After distributing those student grants, the schools can access the second half of their funds — institutional relief that can be used to defray expenses and lost revenues.
Some wealthy private schools with large endowments, like Harvard and Yale Universities, rejected the federal funding allocated for them, following public pressure. Columbia University has indicated it plans to use the funds. Cornell University said it will use all the funds to support students — not just half.
Education groups applaud the higher education funding in the CARES Act, but say they need more. Labate called $14 billion divvied among thousands of schools “the tip of the iceberg.”
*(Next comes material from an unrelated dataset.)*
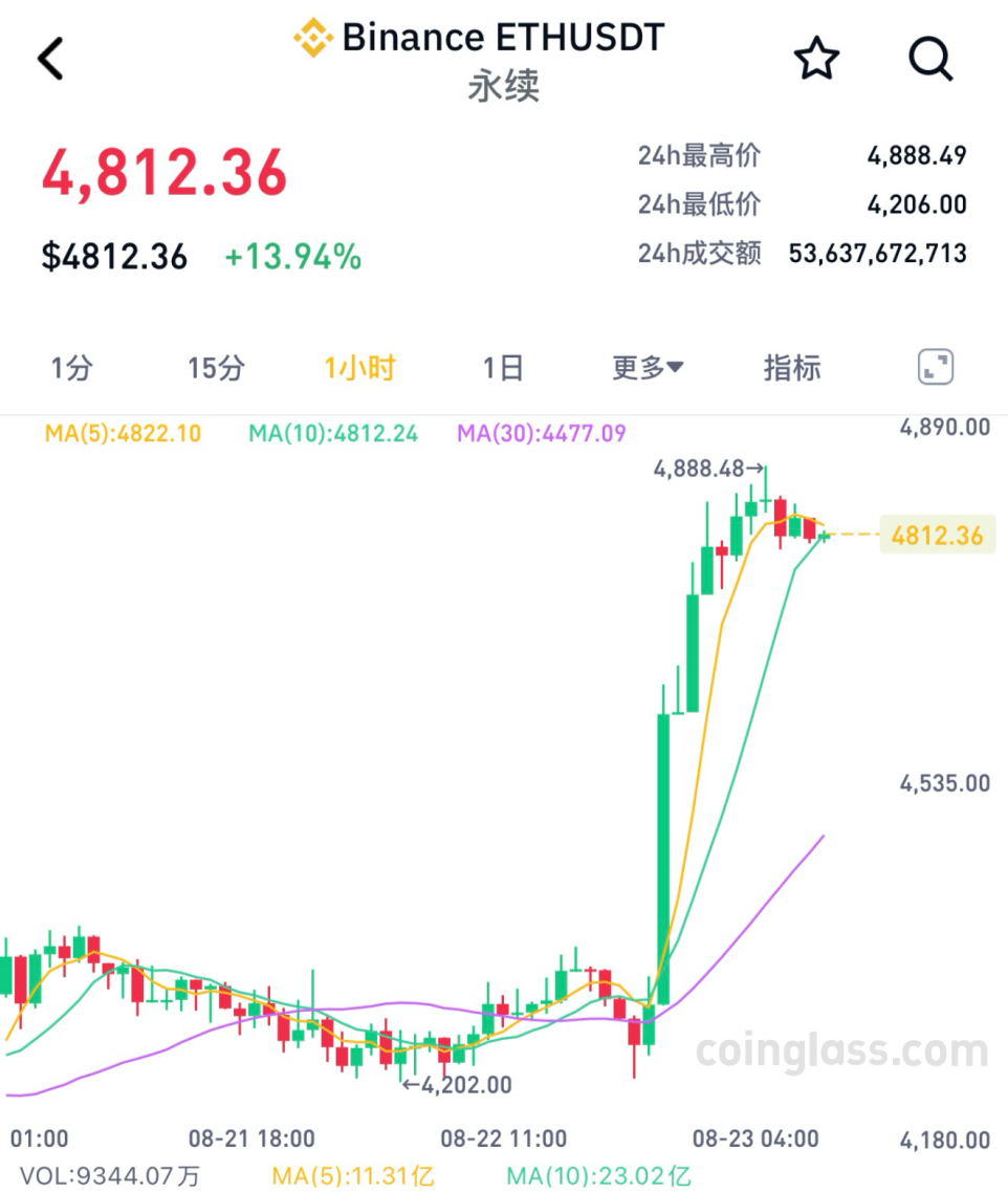 8月23日凌晨,以太坊强势拉升至4888.48美元,突破2021年11月初创下的历史最高价4878美元,再创历史新高。

Debate over further coronavirus relief legislation has stalled in Congress as Senate Republicans urge a “pause” as funds from earlier legislation continue to be distributed. House Democrats proposed another $37 billion for higher education in the Heroes Act passed May 15. That’s far short of the $46.6 billion the American Council on Education and 40 other higher education organizations requested from Congress.
Many colleges foresee enrollment declines in their future, as well as ongoing health- and technology-related costs. Strangled state budgets could pose greater challenges for public colleges and universities.